How to complete this task >> Lines outside the range are not wanted. Give again exactly the lines between the line holding "Leírás: Ausztria /" and the line holding "Si presenta qui, in", inclusive, from the listing below.

___ Entries provided

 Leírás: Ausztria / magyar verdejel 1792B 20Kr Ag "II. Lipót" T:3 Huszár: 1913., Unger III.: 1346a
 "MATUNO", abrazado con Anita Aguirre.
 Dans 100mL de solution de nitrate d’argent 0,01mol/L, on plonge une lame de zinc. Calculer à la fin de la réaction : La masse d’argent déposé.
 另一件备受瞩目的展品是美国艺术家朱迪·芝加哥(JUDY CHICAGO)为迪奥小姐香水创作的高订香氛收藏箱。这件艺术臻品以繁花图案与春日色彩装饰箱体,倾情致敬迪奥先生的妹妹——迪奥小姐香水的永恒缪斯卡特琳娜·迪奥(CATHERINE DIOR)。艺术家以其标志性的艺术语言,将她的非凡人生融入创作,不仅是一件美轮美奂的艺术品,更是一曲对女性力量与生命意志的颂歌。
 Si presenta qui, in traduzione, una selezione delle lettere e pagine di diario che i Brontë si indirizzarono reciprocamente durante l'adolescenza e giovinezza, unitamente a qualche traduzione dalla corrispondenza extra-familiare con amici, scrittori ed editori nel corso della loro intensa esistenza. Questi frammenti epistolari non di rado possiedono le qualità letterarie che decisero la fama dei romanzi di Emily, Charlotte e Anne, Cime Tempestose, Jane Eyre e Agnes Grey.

______
___ Entries provided

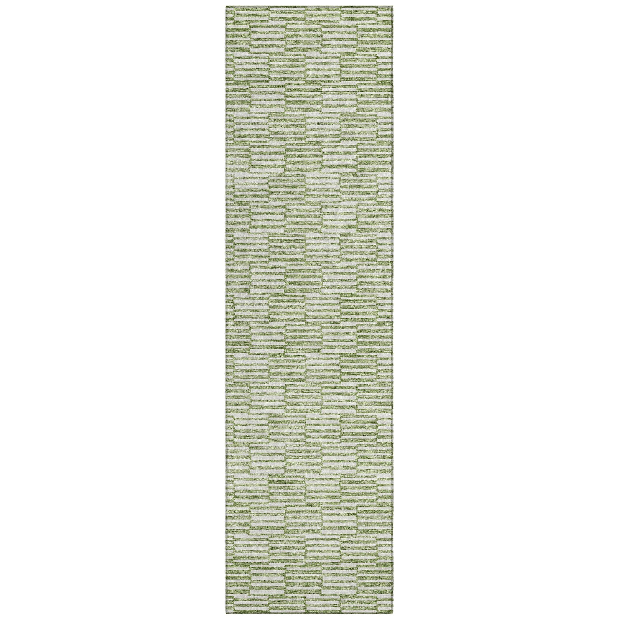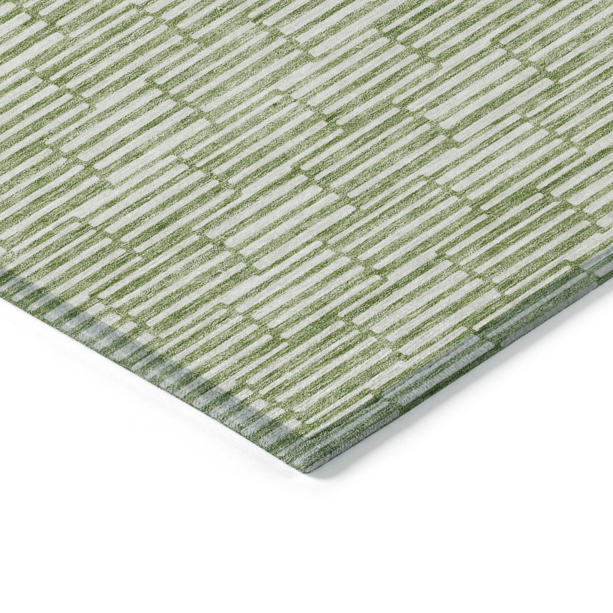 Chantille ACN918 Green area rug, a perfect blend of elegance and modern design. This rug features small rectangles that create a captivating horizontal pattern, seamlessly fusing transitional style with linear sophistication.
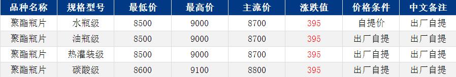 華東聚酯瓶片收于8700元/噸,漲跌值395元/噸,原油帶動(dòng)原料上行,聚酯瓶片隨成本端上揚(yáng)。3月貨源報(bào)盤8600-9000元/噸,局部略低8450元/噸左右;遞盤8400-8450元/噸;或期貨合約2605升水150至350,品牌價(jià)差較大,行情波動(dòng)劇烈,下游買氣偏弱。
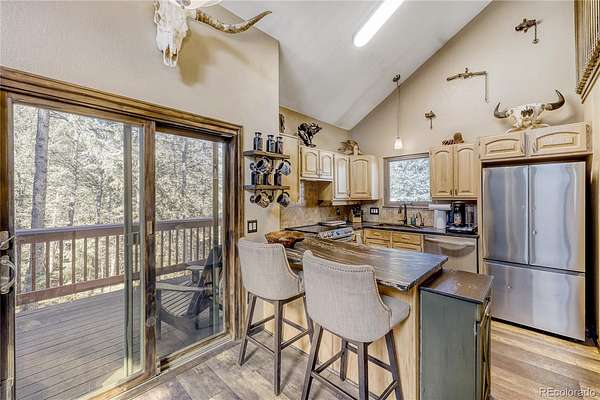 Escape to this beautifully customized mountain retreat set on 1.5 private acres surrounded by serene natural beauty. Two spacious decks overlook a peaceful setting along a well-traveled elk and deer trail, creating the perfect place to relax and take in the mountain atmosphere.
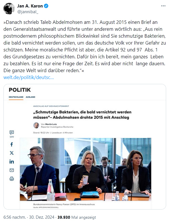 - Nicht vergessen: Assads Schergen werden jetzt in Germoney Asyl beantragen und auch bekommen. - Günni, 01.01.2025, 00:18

______

Answer below >>
 Leírás: Ausztria / magyar verdejel 1792B 20Kr Ag "II. Lipót" T:3 Huszár: 1913., Unger III.: 1346a
 "MATUNO", abrazado con Anita Aguirre.
 Dans 100mL de solution de nitrate d’argent 0,01mol/L, on plonge une lame de zinc. Calculer à la fin de la réaction : La masse d’argent déposé.
 另一件备受瞩目的展品是美国艺术家朱迪·芝加哥(JUDY CHICAGO)为迪奥小姐香水创作的高订香氛收藏箱。这件艺术臻品以繁花图案与春日色彩装饰箱体,倾情致敬迪奥先生的妹妹——迪奥小姐香水的永恒缪斯卡特琳娜·迪奥(CATHERINE DIOR)。艺术家以其标志性的艺术语言,将她的非凡人生融入创作,不仅是一件美轮美奂的艺术品,更是一曲对女性力量与生命意志的颂歌。
 Si presenta qui, in traduzione, una selezione delle lettere e pagine di diario che i Brontë si indirizzarono reciprocamente durante l'adolescenza e giovinezza, unitamente a qualche traduzione dalla corrispondenza extra-familiare con amici, scrittori ed editori nel corso della loro intensa esistenza. Questi frammenti epistolari non di rado possiedono le qualità letterarie che decisero la fama dei romanzi di Emily, Charlotte e Anne, Cime Tempestose, Jane Eyre e Agnes Grey.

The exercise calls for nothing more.